One of the best-selling novels of all time comes to the big screen

We spoke with director Olivia Newman about how casting and filming on location were key to bringing Where the Crawdads Sing to life.

An adaptation of a popular novel, Where the Crawdads Sing is the latest film from Reese Witherspoon’s production company. Set in the marshes of North Carolina between 1952 and 1968, the movie tells the story of Marsh Girl, aka Kya (Daisy Edgar-Jones), as she navigates a love triangle and a murder trial after one of her lovers is found dead. Restructured by screenwriter Lucy Alibar (Beasts of the Southern Wild) and directed by Olivia Newman, the film leans heavily into its romantic inclinations, embracing the fierce landscape and the sullen beauty of its lead. 

“Like many people,” explains Newman, “I was drawn to Kya. She’s both wild and socialized, and I thought she was an incredibly inspiring heroine.” In the movie, much like the book, Kya is abandoned at a young age by her family. Her mother left first, escaping her husband’s abuse and one by one, Kya’s siblings followed suit. Finally, it was just Kya and her father, who, one day disappeared, too. She learned to fend for herself by collecting mussels at dawn and learning the ins and outs of the swamp. Poor, illiterate and disenfranchised, she became the object of gossip from the townsfolk, who spread nasty rumours about her.

Daisy Edgar-Jones was cast after Newman watched her in Normal People. “They’re very different, but Marianne, the way Daisy played her, she’s a character that feels so out of place and very awkward, but she also has a voice.” The audition only cemented the idea that Edgar-Jones could step into the role of Kya. “Just in talking with her, the kinds of questions she asked and how she approaches embodying a character comes from such a deep place. I felt we would really be able to collaborate and bring this character to life together.” 

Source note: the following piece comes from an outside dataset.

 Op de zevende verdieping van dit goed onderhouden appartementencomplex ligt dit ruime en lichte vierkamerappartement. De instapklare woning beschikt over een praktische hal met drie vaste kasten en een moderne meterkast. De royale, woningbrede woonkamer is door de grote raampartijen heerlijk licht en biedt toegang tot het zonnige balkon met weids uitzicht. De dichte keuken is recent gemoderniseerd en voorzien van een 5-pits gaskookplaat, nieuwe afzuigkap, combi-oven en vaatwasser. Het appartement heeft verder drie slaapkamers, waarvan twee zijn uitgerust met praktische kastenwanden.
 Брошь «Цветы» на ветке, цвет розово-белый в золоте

When the Crawdads Sing new movies July
Taylor John Smith and Daisy Edgar-Jones Where the Crawdads Sing

Louisiana stands in for North Carolina in the film, and the insistence on shooting on location brought many challenges. “We dealt with an unprecedented amount of rain,” says Newman. “Our sets were flooded. Some parts were completely underwater. Then there are the bugs!” The film’s greatest asset, though, is the richness of that natural locale. There’s a glossiness to the image that evokes a dream, a hyper-reality where film illusions overtake truth. The cast’s beauty, clean-cut and wide-eyed, similarly invokes a fantasy version of America that maybe only ever existed in books and big-budget Hollywood movies. No doubt a large part of the book’s appeal as well, the film presents a vision of an outsider who is beautiful, intelligent and resilient. 

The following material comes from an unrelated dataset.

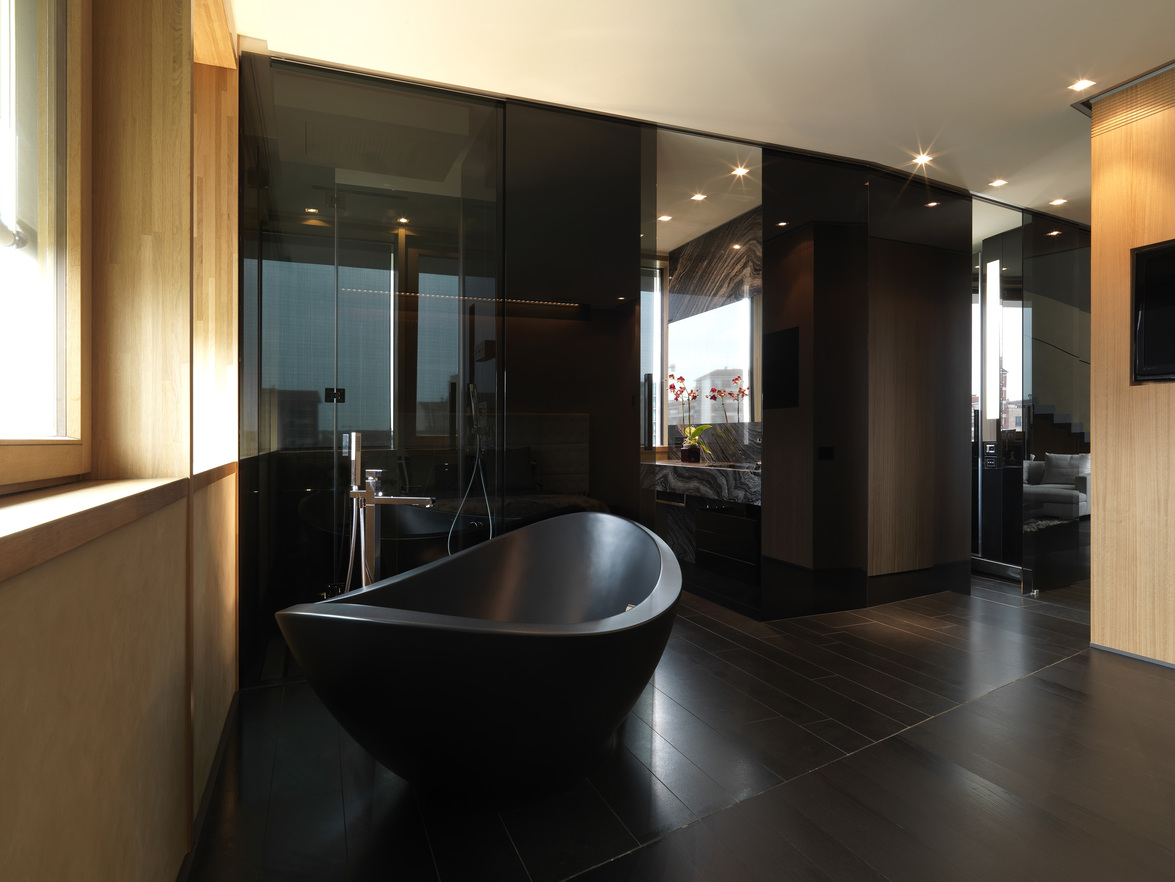 El acceso principal está sorprendentemente ubicado en el entresuelo y da a la sala de estar de abajo. La centralidad del entorno se enfatiza con la gran lámpara de araña de Catellani & Smith diseñada por el diseñador; a la derecha una escalera «suspendida» conduce a los grandes sofás de abajo y al área de dormir, a la izquierda un volumen monolítico con vista a la doble altura encierra diferentes espacios como el baño de visitas, un verdadero cofre del tesoro en travertino rojo, el sótano, concebida como una caja de cristal ahumado, y la cocina, caracterizada por una isla central en pórfido violeta. Los colores de la cocina se toman de la mesa del comedor que concluye el recorrido del salón y da al entrepiso acristalado, sobresaliendo por el salón.

Part of the reason Newman was eager to adapt the novel was the idea that cinema allows you to “live in someone else’s shoes.” In books, you have the whole internal world of a character, but onscreen you have to rely more on behaviour and image. “There’s a lot of silence in the movie,” says Newman. It’s true. Kya lives a largely solitary life, collecting food and drawing the animals of her swamp. Deep in the swamp, her house becomes almost an Instagram mood board for the “cottagecore” aesthetic, decorated with her artwork and collectables. It’s easy to imagine why readers latched onto the character, imagining themselves as misunderstood artists, socially constructed introverts condemned to live far from society – a double-edged sword of introversion and idle threats, particularly as the Kya finds herself victimized by an abusive ex-boyfriend who stalks her home, robbing her of her special space. 

With the film’s release, old controversies have re-emerged around the book’s author Delia Owens, who is wanted for questioning in a murder that took place in Zambia during the 1990s. Much like the characters in the book, Delia and her husband Mark are conservationists. Delia’s first books were not novels but stories of their adventures together. Many have pointed out that there are certainly some parallels between the alleged murder and Owens’ book, now among the best-selling novel of all time. 

Owens still thinks the film will resonate with readers who haven’t read the book. “Delia creates this incredible mystery, and you have no idea where it’s going and why or how Kya’s connected to this murder in the first place. In the movie, I think, you’ll also be immersed in this beautiful setting you don’t often see on the big screen and you get to have the surprise of not knowing where it’s going and how it ends.” ■

Where the Crawdads Sing, directed by Olivia Newman

Where the Crawdads Sing is currently screening in Montreal theatres.